Heidi Hahn
A Woman With the Shapes

I find with paint the description can be in the materiality, and all I have to do is distill the images into some overall experience. I have never called myself an artist; I am always and only a painter. It’s through that lens that I navigate in my life.

Heidi Hahn

Heidi Hahn’s painting combines references to gestural abstraction with the figurativeness of expressive painting and reveals a unique view to current issues such as the relationship between identity, gender and society. Impressions of everyday situations and her personal surroundings trigger Hahn’s intuitive, dynamic painting process. Layer by layer, motifs of “body spaces” emerge. The borders between environment and body, surface and background are fluid. Hahn speaks of “narrative formalism”. In this sense, the intrinsic worldliness of painting is amalgamated with the intrinsic worldliness of the figures.

Heidi Hahn’s new works of the exhibition A Woman With the Shapes show an impressive focus on the nonverbal interstices of subjective and societal identity. The paintings all bear the same title, albeit with different numbers: A Woman With the Shapes 1, A Woman With the Shapes 2, A Woman With the Shapes 3 and so forth. In conceptual terms, then, Heidi Hahn’s motifs depict an amalgamation of women. Each body appears in the shape of an abstracted typographic sign. The clothing alters its function, ranging from a protective cover, to an architectural housing, all the way to permeability or the disturbing hindrance of a new self-definition, as with A Woman With the Shapes 1. Hahn never starts with sketches, but instead develops her compositions in the process of painting. This method of “abstracting metamorphoses” draws the viewer’s gaze behind the surface of the painted illusion to a nonverbal expression of the most various constructions of identity and gender.
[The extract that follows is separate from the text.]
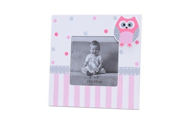 PORTAFOTOS CUADRADO CON MOTIVO BUHOS ROSA
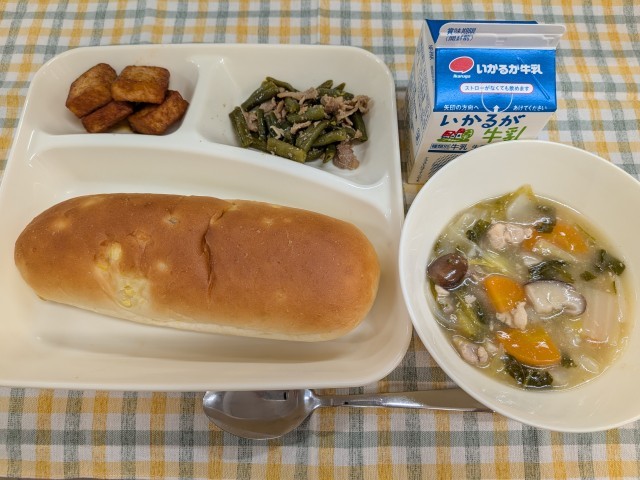 1月9日(金)の給食は、「はくさいのとろみ煮、豚肉とさんどまめのオイスターソースいため、あつあげのピリ辛じょうゆかけ、おさつパン、牛乳」です。

A Woman With the Shapes (…) these women are defined by not just their body but in how they are formed in the space (…) this is what I love about painting. It’s kind of like a time machine, they are stuck in their gestures, they are stuck in these particular shapes that they have decided to (…) resided and stop at.

Heidi Hahn

I always think of myself not as a strict figurative painter, more like a narrative formalist. Which means I need the paint, the materiality of the paint to work as hard as the images is going to work.

Heidi Hahn

Born in Los Angeles in 1982, Heidi Hahn currently lives and works in New York. Her works are part of renowned museum exhibitions such as the High Museum of Art in Atlanta, New Orleans Museum of Art, Kadist Foundation Paris, New Century Art Foundation Shanghai or Saastamoinen Foundation Art Collection, Helsinki. Heidi Hahn is an acting Professor for Drawing and Painting at the Alfred University in New York. Her paintings were presented at internationally renowned museum exhibitions such as at LSU Museums L.A, High Art Museums Atlanta, the Nerman Museum of Contemporary Art or New Orleans Museum of Art.